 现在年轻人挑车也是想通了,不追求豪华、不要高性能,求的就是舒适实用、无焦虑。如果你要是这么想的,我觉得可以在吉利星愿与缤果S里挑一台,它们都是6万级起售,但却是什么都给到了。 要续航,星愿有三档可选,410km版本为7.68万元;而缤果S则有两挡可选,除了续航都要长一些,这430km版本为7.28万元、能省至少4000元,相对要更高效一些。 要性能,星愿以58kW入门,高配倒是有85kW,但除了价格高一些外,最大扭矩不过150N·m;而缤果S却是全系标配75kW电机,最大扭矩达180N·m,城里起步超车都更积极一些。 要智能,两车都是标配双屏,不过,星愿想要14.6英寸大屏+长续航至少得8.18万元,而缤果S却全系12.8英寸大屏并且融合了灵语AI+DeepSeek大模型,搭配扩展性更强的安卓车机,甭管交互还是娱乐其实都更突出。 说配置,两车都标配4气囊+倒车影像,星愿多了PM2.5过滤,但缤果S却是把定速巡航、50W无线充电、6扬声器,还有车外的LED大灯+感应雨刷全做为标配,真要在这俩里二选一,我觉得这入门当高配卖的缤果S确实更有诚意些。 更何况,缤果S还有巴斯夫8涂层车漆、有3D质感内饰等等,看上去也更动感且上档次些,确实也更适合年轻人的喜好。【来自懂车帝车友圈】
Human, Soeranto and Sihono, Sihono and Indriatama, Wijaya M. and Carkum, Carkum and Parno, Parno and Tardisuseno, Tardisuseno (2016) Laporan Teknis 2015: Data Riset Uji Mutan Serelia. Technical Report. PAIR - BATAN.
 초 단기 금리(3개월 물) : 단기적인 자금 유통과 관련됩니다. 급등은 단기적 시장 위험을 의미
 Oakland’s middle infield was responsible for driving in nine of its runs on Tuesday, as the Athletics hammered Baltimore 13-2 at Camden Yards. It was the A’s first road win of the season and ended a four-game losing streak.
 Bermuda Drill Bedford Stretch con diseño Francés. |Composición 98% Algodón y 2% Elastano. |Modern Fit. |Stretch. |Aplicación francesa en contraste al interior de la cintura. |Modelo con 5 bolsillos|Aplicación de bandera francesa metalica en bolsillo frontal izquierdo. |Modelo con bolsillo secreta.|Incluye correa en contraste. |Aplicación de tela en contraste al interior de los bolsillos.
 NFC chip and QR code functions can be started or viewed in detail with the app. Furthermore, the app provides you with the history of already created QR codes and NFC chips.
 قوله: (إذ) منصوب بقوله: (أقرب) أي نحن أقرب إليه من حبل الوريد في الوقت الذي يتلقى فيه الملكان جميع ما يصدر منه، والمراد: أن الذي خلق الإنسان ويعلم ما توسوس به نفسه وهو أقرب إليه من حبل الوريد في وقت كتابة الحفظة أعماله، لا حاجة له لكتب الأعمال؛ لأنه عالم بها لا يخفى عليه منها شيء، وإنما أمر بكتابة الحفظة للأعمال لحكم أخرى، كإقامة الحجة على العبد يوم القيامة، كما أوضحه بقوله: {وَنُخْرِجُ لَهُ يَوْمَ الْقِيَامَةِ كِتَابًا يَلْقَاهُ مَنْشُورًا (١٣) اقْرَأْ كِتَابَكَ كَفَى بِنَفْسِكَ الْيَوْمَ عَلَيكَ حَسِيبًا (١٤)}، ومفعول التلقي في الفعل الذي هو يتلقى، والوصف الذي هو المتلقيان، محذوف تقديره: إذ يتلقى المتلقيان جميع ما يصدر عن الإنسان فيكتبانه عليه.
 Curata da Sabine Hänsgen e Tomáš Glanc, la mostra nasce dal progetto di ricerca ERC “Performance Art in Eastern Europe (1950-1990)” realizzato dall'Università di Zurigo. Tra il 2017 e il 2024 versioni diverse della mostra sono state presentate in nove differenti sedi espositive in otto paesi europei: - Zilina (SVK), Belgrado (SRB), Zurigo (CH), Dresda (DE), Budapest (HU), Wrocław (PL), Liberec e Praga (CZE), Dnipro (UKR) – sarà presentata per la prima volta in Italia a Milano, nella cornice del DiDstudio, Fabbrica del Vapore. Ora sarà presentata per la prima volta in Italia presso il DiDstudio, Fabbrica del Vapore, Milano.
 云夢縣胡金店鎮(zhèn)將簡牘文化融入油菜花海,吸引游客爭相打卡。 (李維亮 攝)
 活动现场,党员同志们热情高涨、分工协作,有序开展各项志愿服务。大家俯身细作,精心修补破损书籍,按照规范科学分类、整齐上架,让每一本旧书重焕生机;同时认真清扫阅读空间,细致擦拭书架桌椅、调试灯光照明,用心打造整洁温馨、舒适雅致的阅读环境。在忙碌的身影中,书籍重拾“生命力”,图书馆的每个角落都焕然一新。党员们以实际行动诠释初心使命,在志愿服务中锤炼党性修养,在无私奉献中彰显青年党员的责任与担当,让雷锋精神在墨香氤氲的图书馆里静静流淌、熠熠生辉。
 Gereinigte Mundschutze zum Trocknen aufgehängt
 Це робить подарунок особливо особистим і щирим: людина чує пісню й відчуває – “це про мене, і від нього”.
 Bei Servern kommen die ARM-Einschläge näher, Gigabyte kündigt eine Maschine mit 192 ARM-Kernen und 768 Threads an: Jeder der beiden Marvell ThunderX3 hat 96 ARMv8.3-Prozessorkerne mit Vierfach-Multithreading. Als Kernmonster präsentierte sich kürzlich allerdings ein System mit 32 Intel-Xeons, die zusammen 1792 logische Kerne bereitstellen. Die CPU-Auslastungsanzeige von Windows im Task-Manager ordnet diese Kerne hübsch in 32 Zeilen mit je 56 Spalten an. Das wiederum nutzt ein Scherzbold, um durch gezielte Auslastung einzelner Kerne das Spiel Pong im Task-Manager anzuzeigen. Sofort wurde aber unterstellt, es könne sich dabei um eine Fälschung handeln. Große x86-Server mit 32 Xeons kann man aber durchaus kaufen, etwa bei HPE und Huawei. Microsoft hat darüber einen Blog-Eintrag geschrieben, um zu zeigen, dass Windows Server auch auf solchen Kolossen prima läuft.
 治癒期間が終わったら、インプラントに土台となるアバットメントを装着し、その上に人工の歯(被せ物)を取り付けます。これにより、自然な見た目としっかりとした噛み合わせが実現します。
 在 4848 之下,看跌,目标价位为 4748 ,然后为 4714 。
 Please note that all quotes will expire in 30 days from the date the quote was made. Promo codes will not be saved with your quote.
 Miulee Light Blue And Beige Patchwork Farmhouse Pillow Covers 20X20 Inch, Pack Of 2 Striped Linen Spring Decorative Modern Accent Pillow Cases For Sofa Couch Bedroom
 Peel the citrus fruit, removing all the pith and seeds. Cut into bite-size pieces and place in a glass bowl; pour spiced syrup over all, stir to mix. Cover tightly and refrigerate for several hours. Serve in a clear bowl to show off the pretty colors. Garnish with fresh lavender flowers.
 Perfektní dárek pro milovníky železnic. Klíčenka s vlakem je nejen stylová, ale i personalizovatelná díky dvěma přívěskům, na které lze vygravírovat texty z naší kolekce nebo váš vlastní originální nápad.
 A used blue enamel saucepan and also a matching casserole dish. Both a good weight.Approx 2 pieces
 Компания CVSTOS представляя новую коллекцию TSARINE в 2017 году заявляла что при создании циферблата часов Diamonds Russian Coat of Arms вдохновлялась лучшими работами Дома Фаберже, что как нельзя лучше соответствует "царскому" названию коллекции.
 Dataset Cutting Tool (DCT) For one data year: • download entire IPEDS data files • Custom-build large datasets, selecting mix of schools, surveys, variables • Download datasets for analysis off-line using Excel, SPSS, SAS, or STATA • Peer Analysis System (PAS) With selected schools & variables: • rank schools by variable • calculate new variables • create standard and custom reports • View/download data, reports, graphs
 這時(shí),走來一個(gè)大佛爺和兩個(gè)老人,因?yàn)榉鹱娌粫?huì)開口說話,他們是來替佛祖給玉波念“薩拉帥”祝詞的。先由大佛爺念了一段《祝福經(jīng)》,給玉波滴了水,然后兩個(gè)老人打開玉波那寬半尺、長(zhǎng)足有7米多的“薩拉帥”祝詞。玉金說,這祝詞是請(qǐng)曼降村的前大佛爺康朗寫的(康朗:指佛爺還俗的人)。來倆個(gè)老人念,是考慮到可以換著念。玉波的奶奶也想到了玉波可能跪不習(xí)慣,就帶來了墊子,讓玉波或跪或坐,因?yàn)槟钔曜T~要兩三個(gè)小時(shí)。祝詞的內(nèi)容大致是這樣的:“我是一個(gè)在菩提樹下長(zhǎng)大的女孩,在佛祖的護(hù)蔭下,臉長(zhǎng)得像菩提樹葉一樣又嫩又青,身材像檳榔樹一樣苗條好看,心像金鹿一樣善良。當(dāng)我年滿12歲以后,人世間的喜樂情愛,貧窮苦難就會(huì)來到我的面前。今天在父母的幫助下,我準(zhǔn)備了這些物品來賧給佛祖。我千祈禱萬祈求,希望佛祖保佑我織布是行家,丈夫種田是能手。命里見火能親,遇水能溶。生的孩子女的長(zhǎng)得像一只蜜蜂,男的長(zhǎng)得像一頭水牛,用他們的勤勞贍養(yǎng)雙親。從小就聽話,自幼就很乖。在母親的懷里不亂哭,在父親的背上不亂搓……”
* * *
**Task description:** Where a line in the material above holds "codes", copy that line.

**Response:**
 NFC chip and QR code functions can be started or viewed in detail with the app. Furthermore, the app provides you with the history of already created QR codes and NFC chips.
 Please note that all quotes will expire in 30 days from the date the quote was made. Promo codes will not be saved with your quote.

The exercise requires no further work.